About 20m band antenna height.

The height of your antenna depends on what you want to do.

For "local" daily traffic (ground wave propagation [not confusing
surface wave propagation]) you want as much as possible signal strength
in the horizontal plane (low elevation). In that case height gives
stronger signal. No matter the polarization, over land (for very small
elevation angles) the ground reflected wave is opposite to the direct
wave (elevation (pseudo) Brewster Angle). More height gives some
more phase difference between direct ray and the ray that arrives after
ground reflection. The "two ray propagation model" is based on the
direct wave and ground reflected wave (for very small elevation). So
the CB people aren't that crazy.

When the height equals many wavelengths, you get many lobes in the
elevation radiation pattern, but for local traffic this is not
important.

For sky wave propagation the situation is different (as also mentioned
by Greg). If you don't want lobes in the elevation radiation pattern,
your height is limited to about halve a wavelength. Further raising the
antenna gives lobes, but the elevation of the first lobe decreases.

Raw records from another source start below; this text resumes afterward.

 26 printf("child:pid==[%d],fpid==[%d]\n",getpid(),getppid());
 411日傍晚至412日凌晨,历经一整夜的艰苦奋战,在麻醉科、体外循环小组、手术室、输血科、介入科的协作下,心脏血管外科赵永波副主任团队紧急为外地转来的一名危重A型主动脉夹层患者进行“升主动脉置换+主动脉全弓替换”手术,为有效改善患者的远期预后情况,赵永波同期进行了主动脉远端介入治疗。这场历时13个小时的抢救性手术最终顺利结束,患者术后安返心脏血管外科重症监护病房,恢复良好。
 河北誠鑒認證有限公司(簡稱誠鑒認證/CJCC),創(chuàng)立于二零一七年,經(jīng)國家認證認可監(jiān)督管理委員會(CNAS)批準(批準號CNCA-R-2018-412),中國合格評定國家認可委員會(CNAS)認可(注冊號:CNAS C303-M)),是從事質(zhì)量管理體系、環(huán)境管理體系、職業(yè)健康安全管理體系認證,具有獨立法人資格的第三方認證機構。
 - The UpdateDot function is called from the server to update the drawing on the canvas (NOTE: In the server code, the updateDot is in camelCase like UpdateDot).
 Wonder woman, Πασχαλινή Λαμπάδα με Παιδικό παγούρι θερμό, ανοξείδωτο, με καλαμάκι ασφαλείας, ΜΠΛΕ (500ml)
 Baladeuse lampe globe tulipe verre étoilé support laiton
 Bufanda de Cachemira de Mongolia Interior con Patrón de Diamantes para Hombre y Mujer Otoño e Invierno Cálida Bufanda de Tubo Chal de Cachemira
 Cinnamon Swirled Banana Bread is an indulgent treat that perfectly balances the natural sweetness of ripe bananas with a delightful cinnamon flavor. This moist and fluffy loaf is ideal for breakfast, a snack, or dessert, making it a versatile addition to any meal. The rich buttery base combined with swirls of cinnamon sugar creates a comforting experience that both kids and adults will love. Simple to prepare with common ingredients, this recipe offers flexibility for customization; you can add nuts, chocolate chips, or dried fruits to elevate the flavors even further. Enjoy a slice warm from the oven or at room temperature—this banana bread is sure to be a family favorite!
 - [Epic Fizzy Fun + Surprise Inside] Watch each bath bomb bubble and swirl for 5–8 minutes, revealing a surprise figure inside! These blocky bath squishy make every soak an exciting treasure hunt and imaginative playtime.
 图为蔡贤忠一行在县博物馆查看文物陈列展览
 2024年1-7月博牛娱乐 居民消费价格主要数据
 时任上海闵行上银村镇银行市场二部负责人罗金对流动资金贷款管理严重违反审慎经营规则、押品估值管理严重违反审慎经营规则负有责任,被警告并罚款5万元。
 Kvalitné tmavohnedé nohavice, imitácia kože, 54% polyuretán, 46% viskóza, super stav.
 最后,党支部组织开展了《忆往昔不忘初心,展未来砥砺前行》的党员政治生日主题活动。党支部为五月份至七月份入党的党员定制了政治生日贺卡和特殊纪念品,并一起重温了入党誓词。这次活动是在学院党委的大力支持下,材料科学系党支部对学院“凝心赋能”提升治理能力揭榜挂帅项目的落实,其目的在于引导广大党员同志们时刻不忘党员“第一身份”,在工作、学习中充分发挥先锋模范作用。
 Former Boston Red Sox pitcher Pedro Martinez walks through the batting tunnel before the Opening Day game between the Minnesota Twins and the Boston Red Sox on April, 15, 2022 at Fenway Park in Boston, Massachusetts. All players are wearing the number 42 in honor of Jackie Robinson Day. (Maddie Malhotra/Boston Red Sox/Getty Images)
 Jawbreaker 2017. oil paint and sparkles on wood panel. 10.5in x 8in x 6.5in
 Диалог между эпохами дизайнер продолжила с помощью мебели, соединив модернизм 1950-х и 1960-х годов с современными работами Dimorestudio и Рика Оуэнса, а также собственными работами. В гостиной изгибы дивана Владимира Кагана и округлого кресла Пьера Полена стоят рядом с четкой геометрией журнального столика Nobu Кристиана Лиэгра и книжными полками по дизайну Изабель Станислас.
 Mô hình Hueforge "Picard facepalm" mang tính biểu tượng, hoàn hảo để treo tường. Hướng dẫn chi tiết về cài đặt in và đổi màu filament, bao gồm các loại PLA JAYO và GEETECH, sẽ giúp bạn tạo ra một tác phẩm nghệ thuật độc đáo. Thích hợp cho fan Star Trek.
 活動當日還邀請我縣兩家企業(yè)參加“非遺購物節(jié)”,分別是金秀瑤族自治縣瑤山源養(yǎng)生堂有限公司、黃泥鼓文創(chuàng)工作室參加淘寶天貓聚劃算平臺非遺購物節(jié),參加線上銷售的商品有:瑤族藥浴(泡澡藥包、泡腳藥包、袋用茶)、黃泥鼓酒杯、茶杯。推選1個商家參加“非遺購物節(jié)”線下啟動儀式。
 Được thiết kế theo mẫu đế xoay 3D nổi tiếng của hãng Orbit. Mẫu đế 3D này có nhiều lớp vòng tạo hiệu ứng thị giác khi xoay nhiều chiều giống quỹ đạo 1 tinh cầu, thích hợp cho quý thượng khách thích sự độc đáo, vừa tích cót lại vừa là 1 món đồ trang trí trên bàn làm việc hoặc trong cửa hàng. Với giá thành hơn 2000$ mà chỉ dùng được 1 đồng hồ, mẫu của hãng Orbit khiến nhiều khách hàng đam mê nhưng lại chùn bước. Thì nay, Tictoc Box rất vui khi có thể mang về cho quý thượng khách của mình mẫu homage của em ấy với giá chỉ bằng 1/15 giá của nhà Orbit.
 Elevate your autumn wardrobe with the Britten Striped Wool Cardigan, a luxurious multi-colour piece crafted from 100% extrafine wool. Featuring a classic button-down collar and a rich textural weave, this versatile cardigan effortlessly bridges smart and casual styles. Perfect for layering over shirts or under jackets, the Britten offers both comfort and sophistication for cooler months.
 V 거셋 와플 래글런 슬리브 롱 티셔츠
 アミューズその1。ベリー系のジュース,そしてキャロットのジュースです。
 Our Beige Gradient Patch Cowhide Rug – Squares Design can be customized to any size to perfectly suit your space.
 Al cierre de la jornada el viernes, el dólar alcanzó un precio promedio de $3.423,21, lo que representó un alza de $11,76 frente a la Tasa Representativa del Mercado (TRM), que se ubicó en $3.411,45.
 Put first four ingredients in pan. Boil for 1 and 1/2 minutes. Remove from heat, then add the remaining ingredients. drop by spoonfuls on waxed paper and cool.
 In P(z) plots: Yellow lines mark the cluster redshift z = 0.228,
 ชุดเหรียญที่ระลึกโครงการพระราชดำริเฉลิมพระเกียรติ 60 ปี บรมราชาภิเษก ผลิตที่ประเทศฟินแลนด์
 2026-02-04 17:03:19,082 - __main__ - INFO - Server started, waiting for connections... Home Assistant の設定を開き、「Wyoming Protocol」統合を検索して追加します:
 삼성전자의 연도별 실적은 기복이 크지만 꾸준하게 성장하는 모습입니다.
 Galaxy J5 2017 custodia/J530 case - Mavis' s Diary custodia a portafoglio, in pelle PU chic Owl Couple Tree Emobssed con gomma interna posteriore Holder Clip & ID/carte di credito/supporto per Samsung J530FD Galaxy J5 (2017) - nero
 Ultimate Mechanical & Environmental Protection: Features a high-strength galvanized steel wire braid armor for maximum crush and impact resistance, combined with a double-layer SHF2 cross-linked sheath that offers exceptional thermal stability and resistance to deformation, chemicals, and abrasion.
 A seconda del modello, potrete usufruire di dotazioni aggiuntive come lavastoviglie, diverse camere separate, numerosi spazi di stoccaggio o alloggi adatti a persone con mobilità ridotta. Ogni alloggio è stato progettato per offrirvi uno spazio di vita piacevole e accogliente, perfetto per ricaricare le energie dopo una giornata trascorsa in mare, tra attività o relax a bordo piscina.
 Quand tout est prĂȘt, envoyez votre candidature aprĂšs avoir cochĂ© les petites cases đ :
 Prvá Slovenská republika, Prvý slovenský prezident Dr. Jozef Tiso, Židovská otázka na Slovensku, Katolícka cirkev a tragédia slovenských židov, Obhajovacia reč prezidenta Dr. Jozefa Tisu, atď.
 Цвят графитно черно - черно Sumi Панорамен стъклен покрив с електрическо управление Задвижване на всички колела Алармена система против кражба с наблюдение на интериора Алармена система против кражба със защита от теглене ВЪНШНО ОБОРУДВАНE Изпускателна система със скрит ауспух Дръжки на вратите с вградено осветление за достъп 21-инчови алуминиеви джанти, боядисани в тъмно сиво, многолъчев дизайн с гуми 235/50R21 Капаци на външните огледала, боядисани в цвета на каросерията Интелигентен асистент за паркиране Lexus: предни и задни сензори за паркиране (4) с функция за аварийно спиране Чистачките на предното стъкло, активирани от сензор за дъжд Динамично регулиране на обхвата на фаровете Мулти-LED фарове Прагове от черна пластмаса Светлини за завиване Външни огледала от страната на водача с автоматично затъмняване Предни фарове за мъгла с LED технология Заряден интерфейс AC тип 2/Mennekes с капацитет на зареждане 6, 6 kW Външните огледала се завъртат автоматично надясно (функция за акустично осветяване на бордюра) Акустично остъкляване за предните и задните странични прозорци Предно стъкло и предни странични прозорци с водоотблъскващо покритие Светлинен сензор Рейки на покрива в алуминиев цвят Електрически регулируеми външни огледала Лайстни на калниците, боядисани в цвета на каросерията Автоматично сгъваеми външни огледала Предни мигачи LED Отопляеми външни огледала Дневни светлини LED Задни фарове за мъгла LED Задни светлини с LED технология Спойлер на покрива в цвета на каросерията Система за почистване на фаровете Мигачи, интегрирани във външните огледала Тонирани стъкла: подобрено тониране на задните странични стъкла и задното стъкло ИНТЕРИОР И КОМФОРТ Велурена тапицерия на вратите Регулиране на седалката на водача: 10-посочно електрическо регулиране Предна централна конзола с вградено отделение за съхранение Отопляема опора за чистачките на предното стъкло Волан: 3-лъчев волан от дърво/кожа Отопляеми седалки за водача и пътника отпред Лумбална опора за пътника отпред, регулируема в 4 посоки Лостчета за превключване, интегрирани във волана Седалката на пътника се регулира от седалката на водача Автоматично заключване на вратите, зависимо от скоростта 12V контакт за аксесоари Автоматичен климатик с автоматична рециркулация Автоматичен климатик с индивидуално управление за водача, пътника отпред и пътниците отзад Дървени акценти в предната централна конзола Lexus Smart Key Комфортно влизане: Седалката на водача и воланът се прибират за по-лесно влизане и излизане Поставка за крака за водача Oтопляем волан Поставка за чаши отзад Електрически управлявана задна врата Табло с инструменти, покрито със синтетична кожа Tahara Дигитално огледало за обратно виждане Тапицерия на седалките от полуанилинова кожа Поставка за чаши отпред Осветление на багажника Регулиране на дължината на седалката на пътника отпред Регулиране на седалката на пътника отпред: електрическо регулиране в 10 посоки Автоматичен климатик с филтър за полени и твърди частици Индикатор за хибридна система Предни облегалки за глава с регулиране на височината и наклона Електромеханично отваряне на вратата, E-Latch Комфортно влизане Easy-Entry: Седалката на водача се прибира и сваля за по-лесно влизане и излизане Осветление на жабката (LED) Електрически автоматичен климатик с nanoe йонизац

About losses. You have near field and far field losses. If you place
your antenna about a wavelength (or more) above ground, you have far
field loss only. However placing your quarter wave with some radials
close to ground will bring the ground within the (strong) reactive
field zone. This increases the ground loss (you will notice this by an
increase in the real part of the input impedance). You can reduce the
near field at the ground by adding more radials (as suggested
indirectly by Greg).

In my previous posting I suggested to higher the base of the antenna.
This is also to reduce ground losses. A quarter wave vertical has low
input impedance, causing relative high current in the radials. When
the radials are close to (or in ) the ground, losses do occur.

I did some simulation on a quarter wave vertical (20m band) fed over 4
radials (horizontal), placed at various heights above ground (15m thick
dielectric layer representing average ground, very long run times, IE3D
3D planar simulator). The results were bad (Radiation efficiencies
below 10%). More height gives lower ground dissipation. I hoped to get
better results with a halve wave radiator (high impedance, hence
reducing the current in the radials significantly). The simulation
showed a significant increase in radiation efficiency (above 54%).

A halve wave radiator with 4 horizontal quarter wave radials (radials 2
m above average ground) has a first lobe at 17 degrees and about 4 dBi
in that direction).

So steve, I would recommend you to extend (if possible) the radiator to
a halve wave (you need impedance match at the base), you can run your
radials in the horizontal plane, radials should not touch ground.
Extending a 5/8 wave does decrease the input impedance (hence
increasing the currents in the radials) and thereby increasing the
ground loss.

If you cannot extend the radiator, then increase the base significantly
so that the ends of the radials are several meters above ground, and /
or use more radials.

I hope this will not give confusion.

Best regards,


Wim
PA3DJS